* [The problem]
Two lines below mark the span: the one containing "Yoz uchun zamonaviy" and the one containing "この分布は生活のバランスを直". Set down both, plus every line between, exactly as they stand, and nothing else.

(Data supplied begins)

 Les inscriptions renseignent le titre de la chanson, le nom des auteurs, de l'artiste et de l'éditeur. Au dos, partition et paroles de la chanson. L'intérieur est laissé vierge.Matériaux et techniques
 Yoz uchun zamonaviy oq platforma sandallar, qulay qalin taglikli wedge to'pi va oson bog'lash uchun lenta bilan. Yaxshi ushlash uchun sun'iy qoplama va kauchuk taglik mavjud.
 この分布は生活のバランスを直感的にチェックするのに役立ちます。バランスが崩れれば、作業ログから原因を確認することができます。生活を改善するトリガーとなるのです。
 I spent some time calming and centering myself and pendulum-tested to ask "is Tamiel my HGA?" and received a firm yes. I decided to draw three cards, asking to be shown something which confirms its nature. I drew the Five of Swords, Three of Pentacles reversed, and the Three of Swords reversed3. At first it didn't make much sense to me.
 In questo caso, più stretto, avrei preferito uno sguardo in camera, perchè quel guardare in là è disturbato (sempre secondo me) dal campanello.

(Data supplied ends)
(Data supplied begins)

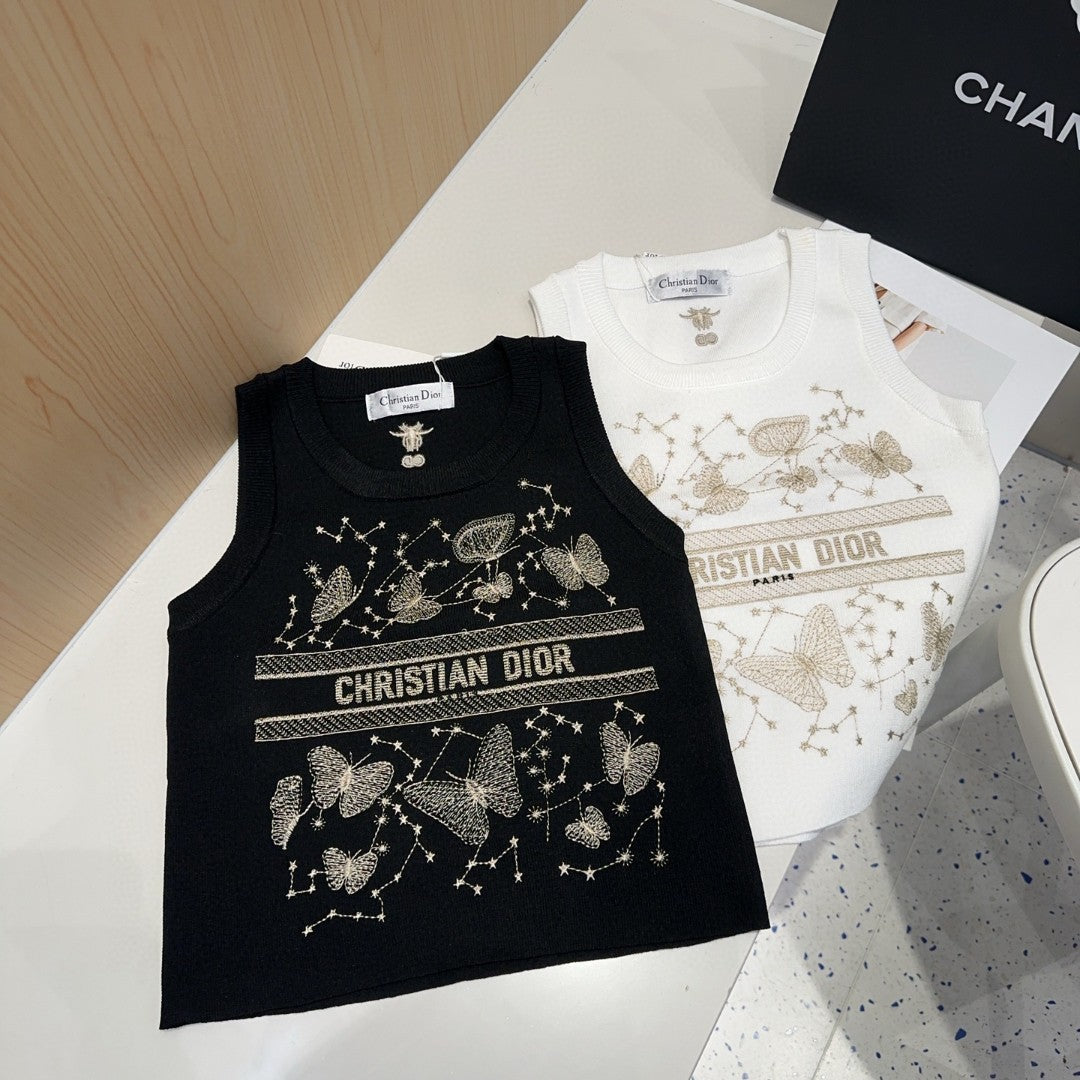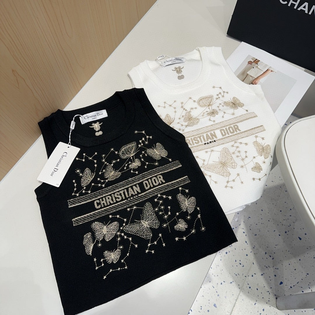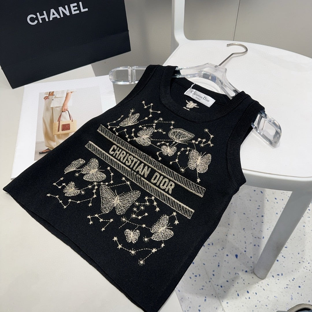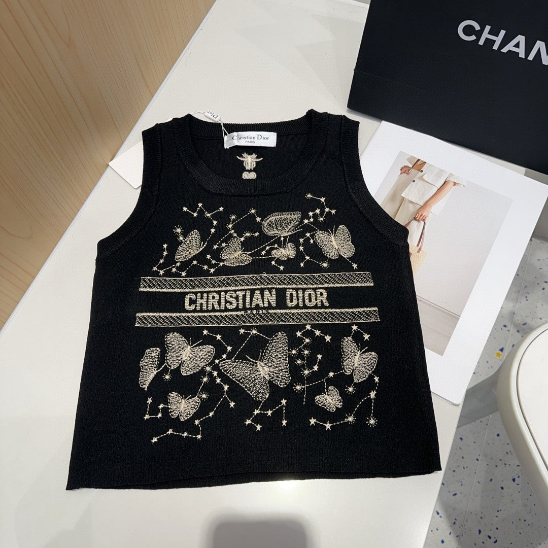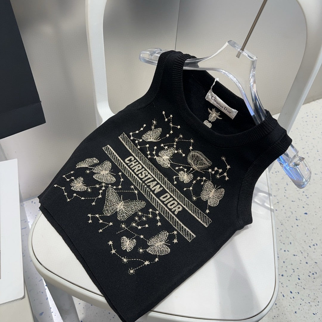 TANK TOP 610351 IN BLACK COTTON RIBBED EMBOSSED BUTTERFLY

(Data supplied ends)

* [Response to the exercise]
 Yoz uchun zamonaviy oq platforma sandallar, qulay qalin taglikli wedge to'pi va oson bog'lash uchun lenta bilan. Yaxshi ushlash uchun sun'iy qoplama va kauchuk taglik mavjud.
 この分布は生活のバランスを直感的にチェックするのに役立ちます。バランスが崩れれば、作業ログから原因を確認することができます。生活を改善するトリガーとなるのです。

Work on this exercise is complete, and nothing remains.